▶ Work required: For the entries that follow, restate word for word the line containing "日前,浙江省国际数字贸易协会", the line containing "Description: Belguim Browning", and every line that lies between them.

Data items

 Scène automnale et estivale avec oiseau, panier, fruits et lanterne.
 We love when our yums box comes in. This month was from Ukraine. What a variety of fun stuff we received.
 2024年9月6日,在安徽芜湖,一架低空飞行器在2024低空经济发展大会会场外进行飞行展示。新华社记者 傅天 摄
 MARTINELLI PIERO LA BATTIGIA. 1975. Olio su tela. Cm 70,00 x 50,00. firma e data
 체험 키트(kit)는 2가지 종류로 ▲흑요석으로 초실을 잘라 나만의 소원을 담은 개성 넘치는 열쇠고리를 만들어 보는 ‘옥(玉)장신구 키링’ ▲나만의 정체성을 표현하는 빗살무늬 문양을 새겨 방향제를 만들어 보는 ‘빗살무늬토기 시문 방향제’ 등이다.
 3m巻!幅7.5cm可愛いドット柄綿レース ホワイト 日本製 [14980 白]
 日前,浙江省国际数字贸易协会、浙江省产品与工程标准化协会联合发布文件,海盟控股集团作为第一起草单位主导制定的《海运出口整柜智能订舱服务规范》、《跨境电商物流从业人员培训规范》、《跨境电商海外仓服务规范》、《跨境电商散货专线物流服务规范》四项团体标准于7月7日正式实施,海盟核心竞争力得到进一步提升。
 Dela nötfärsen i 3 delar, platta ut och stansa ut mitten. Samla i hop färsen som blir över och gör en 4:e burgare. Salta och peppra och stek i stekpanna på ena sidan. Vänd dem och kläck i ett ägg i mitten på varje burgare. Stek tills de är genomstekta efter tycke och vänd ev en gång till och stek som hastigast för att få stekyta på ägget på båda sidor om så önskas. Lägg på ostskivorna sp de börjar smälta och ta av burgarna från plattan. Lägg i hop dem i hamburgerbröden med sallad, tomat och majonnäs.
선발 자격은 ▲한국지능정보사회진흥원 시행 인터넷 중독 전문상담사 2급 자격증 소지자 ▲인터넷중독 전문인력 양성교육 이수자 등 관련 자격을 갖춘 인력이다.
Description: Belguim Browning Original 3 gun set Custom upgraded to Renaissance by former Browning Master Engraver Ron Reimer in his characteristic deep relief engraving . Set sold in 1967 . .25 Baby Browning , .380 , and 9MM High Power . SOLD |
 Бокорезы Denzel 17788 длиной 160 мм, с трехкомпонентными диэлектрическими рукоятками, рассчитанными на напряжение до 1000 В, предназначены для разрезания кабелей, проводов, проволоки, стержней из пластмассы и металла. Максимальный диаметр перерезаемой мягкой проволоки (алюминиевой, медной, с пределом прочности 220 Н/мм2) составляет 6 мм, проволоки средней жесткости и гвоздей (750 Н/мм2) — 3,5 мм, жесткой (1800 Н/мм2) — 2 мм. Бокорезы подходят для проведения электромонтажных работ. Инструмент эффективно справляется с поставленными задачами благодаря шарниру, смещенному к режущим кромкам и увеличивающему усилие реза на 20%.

▶ Response to the task:
 日前,浙江省国际数字贸易协会、浙江省产品与工程标准化协会联合发布文件,海盟控股集团作为第一起草单位主导制定的《海运出口整柜智能订舱服务规范》、《跨境电商物流从业人员培训规范》、《跨境电商海外仓服务规范》、《跨境电商散货专线物流服务规范》四项团体标准于7月7日正式实施,海盟核心竞争力得到进一步提升。
 Dela nötfärsen i 3 delar, platta ut och stansa ut mitten. Samla i hop färsen som blir över och gör en 4:e burgare. Salta och peppra och stek i stekpanna på ena sidan. Vänd dem och kläck i ett ägg i mitten på varje burgare. Stek tills de är genomstekta efter tycke och vänd ev en gång till och stek som hastigast för att få stekyta på ägget på båda sidor om så önskas. Lägg på ostskivorna sp de börjar smälta och ta av burgarna från plattan. Lägg i hop dem i hamburgerbröden med sallad, tomat och majonnäs.
선발 자격은 ▲한국지능정보사회진흥원 시행 인터넷 중독 전문상담사 2급 자격증 소지자 ▲인터넷중독 전문인력 양성교육 이수자 등 관련 자격을 갖춘 인력이다.
Description: Belguim Browning Original 3 gun set Custom upgraded to Renaissance by former Browning Master Engraver Ron Reimer in his characteristic deep relief engraving . Set sold in 1967 . .25 Baby Browning , .380 , and 9MM High Power . SOLD |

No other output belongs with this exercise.